At GAP, when we see semantics like this in reporting lines and transparency measures, alarms go off. In comprehensible English, the statement means that the AEC now has the authority to determine how to release OIG reports – and, potentially whether to release them, which overrides the independence of the OIG.

We understand that the U.S. State Department is preparing to certify that the OIG at the Global Fund is operating without undue interference and that the Appropriations Committees should release the final disbursement of funds for FY 2012 to the Global Fund. But the certification, if it is in the works, rests on very shaky grounds. Absent gross misconduct, an organization should never terminate an Inspector General. Yet the Board did terminate Parsons and charged him with unsatisfactory performance, when all public information attests to the fact that he did an extraordinarily good job in a tough assignment. The High Level Panel said the OIG alone was an effective oversight mechanism. Now the reporting prerogatives of the office have been subtly changed in a way that potentially muzzles the only watchdog with real teeth at the organization.

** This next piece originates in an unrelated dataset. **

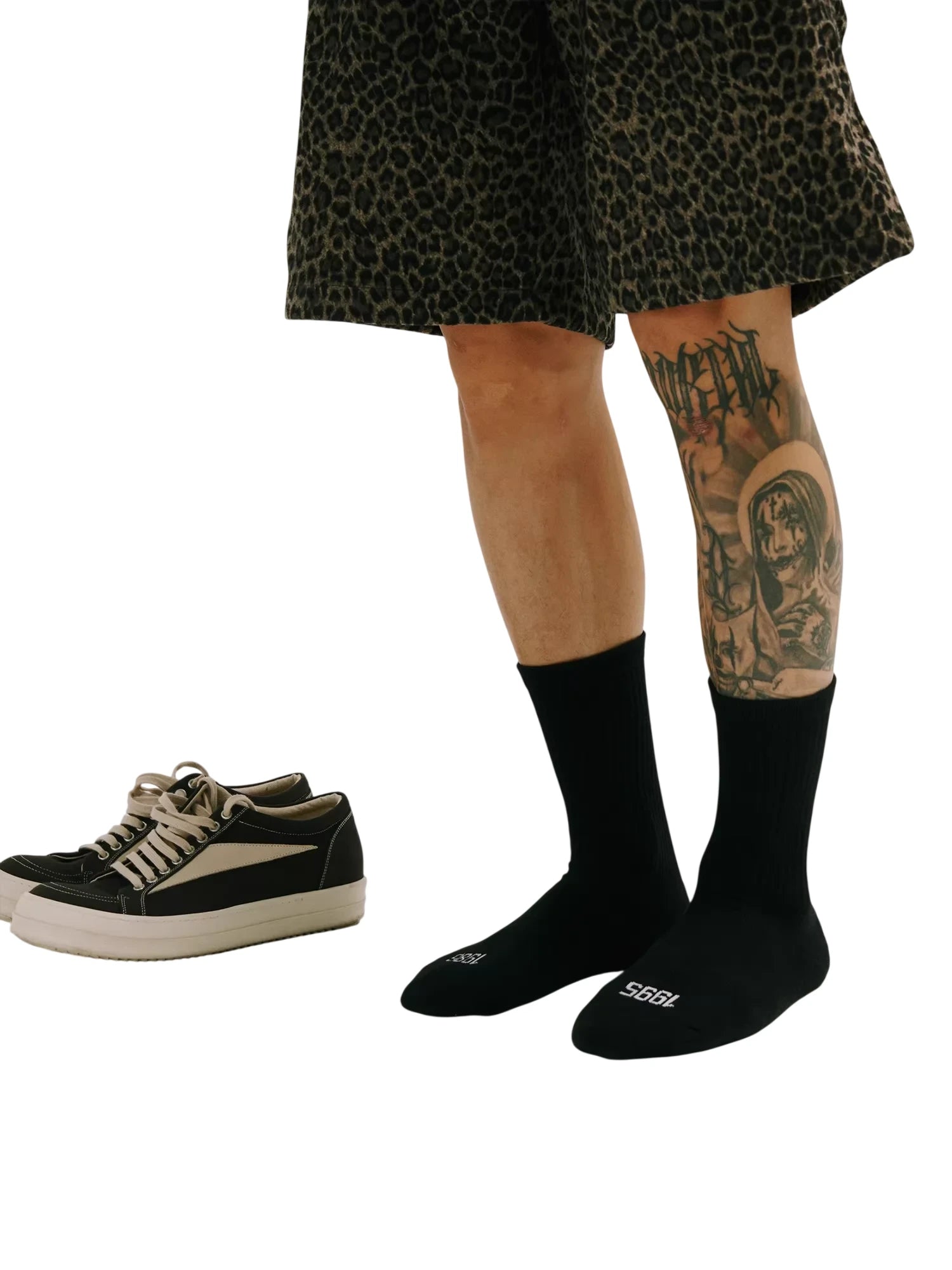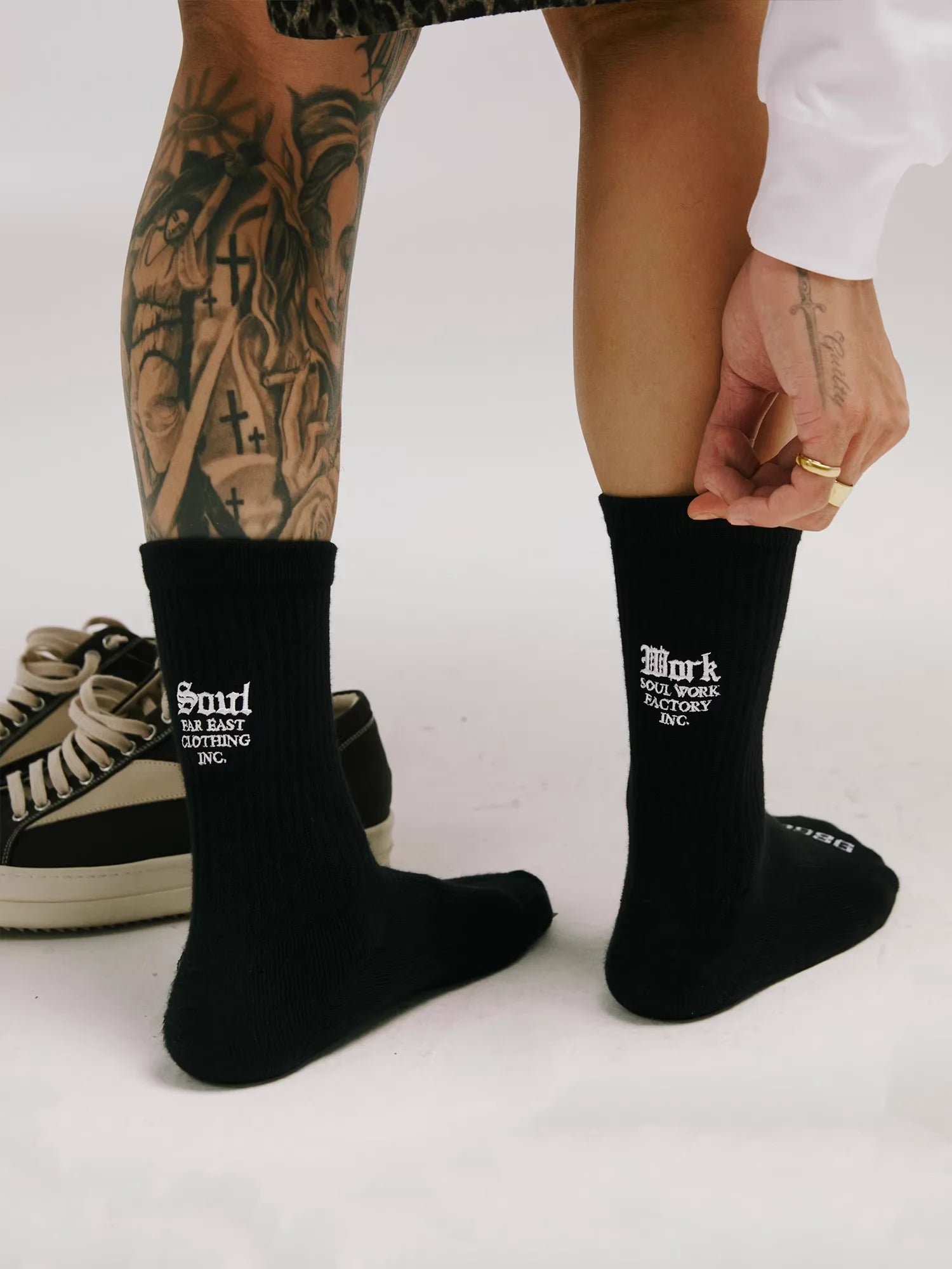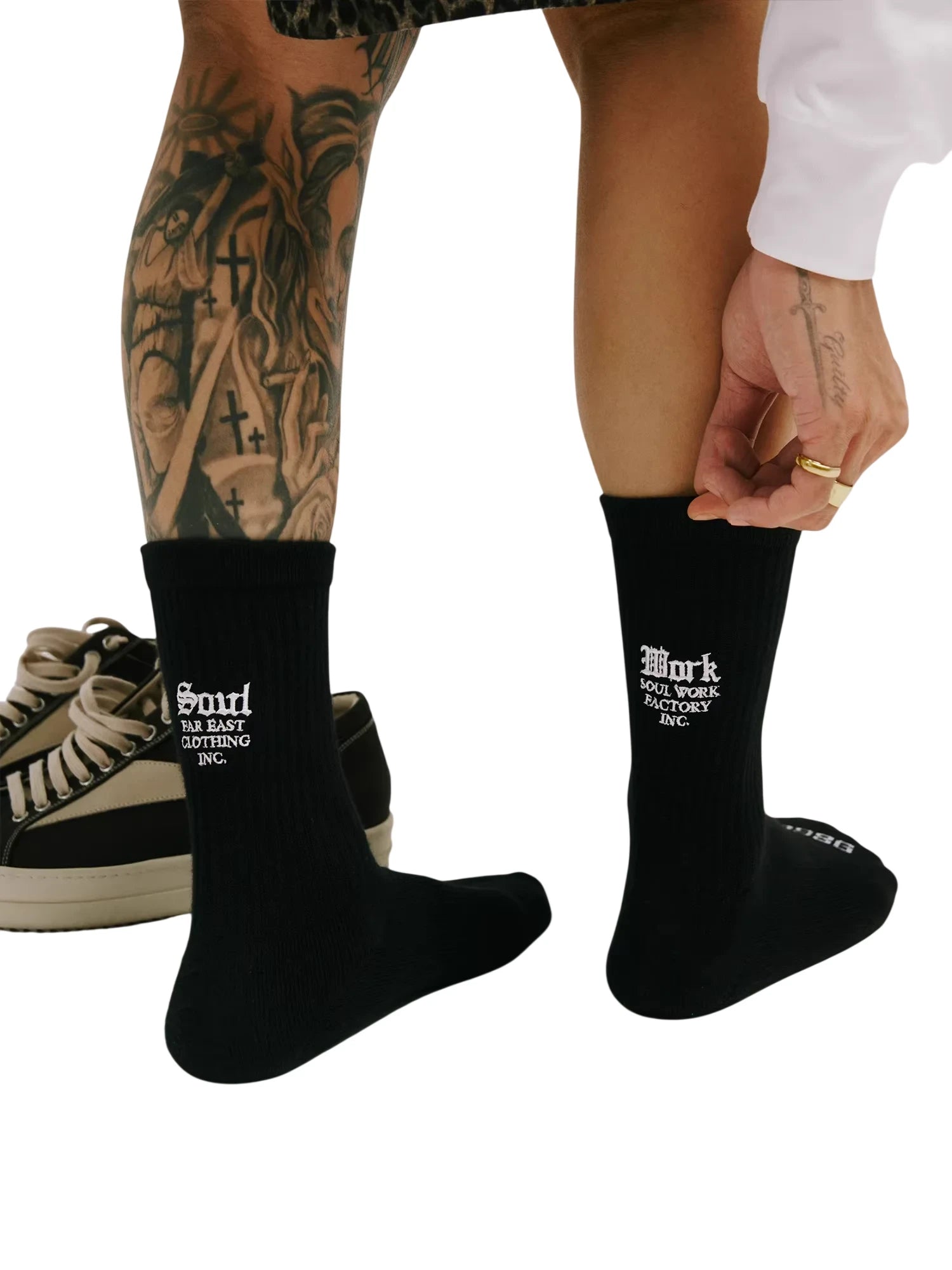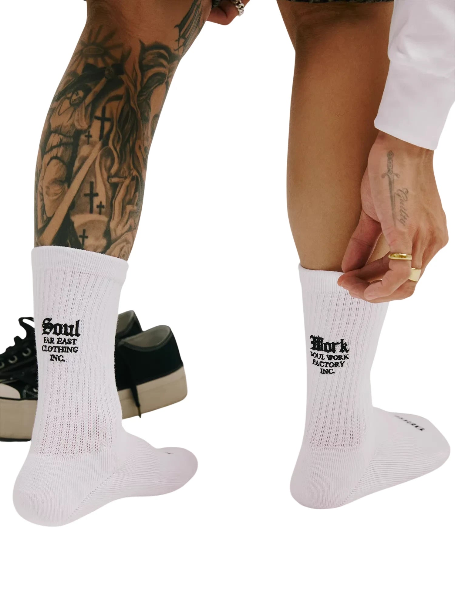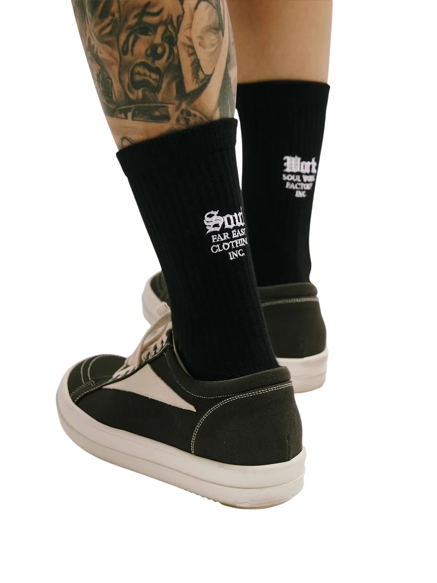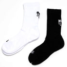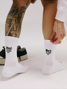 Step up your everyday comfort with these unisex mid-calf socks, crafted from breathable, sweat-absorbing cotton. Designed with ribbed fabric for a secure fit, they feature bold, gothic-style embroidered text at the back for a unique streetwear edge. Modeled on a male model, these socks combine functionality with style, making them a versatile addition to any casual wardrobe.

The website for the OIG shows a dramatic reduction in the number of reports issued during the first four months of 2013, under the newly appointed Interim IG, relative to the last four months of Parsons’ tenure:concrete evidence of the weakening of the OIG.

 Dates  August – November 2012* January – April 2013
 Audits 12 4
 Diagnostic Reviews 8 2
 Investigations 2 —-
 Total 22 6

*The table does not include December 2012, as that month takes in long holidays and the transition to new management at the OIG.

It doesn’t require any particular insight to conclude that the Board’s actions, including the dismissal of Parsons, look very much like “undue interference” with the OIG.

 

Bea Edwards is Executive and International Director for the Government Accountability Project, the nation’s leading whistleblower protection and advocacy organization.